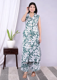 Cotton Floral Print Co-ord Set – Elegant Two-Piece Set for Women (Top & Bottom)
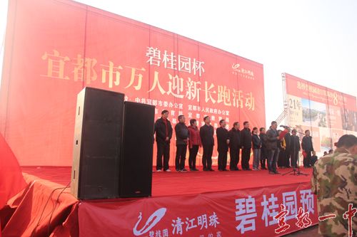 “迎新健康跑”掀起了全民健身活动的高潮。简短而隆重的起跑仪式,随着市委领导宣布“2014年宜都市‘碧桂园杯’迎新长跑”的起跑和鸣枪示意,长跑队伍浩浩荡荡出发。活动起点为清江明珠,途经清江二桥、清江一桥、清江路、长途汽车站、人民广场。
==
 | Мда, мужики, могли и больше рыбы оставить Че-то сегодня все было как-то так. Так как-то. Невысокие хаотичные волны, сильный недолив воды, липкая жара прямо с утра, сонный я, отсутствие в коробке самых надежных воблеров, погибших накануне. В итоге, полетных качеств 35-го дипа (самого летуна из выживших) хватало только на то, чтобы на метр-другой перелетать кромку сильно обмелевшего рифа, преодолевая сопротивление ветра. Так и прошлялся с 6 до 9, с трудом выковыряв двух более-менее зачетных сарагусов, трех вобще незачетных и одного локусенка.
---
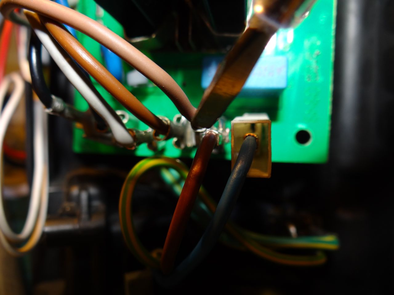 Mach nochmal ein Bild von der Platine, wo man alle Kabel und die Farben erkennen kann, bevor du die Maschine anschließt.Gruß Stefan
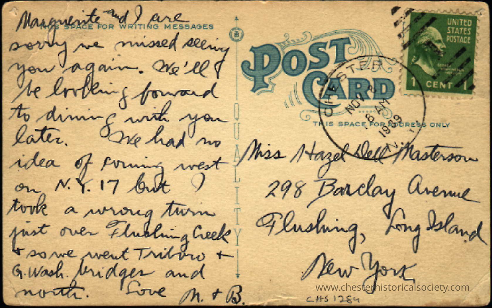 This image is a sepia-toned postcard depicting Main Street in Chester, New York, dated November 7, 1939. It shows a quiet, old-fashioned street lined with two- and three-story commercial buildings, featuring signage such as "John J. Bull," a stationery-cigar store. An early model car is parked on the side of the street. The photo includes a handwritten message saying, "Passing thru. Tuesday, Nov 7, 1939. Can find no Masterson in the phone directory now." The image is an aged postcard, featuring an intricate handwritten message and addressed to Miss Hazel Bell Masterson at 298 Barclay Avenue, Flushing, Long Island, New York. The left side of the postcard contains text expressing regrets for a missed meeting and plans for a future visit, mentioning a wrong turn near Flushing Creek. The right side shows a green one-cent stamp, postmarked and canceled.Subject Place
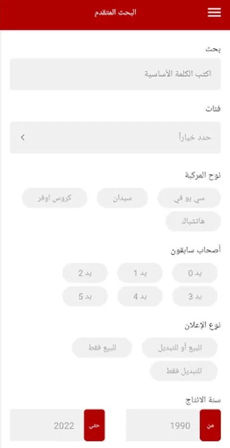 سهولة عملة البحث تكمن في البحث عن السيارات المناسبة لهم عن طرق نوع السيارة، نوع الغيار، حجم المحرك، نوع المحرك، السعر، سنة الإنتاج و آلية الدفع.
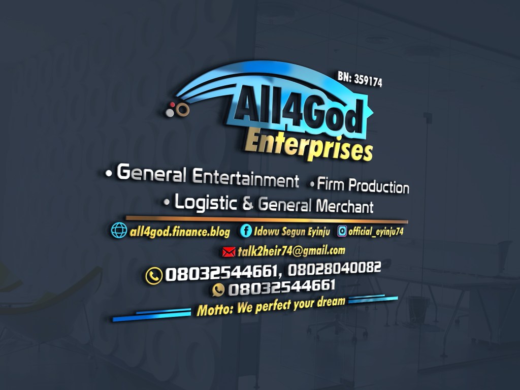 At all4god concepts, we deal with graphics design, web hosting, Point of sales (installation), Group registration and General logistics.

» **GOAL OF THE EXERCISE**
Write out again exactly the lines above from the one with "سهولة عملة البحث" through the one with "At all4god concepts, we", adding no other lines and no pictures.

» **EXERCISE OUTPUT**
 سهولة عملة البحث تكمن في البحث عن السيارات المناسبة لهم عن طرق نوع السيارة، نوع الغيار، حجم المحرك، نوع المحرك، السعر، سنة الإنتاج و آلية الدفع.
 At all4god concepts, we deal with graphics design, web hosting, Point of sales (installation), Group registration and General logistics.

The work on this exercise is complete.